--- Material provided ---

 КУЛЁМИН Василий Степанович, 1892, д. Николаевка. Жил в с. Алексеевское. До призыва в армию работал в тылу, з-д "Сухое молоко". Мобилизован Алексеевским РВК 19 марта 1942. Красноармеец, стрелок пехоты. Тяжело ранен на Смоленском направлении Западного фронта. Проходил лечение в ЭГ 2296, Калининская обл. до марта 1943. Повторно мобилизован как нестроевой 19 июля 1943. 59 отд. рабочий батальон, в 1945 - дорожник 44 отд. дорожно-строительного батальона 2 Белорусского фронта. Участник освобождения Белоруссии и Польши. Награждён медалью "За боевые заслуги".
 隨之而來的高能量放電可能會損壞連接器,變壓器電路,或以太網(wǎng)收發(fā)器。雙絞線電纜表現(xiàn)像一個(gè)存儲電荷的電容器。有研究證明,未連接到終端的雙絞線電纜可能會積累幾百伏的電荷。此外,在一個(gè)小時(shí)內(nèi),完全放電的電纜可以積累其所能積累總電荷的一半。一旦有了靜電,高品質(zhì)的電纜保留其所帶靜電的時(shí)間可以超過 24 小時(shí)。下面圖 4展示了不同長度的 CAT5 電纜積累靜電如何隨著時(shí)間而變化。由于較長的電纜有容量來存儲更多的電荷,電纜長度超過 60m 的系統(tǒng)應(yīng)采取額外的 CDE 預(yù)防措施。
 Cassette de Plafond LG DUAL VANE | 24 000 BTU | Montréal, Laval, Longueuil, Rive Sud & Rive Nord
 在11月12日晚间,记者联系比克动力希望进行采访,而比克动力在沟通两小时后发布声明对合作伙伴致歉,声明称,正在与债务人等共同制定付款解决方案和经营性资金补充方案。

---

§ What is required: Your reply should be the lines from the one that contains "Cassette de Plafond" through the end of the listing above, repeated exactly.

§ Response:
 Cassette de Plafond LG DUAL VANE | 24 000 BTU | Montréal, Laval, Longueuil, Rive Sud & Rive Nord
 在11月12日晚间,记者联系比克动力希望进行采访,而比克动力在沟通两小时后发布声明对合作伙伴致歉,声明称,正在与债务人等共同制定付款解决方案和经营性资金补充方案。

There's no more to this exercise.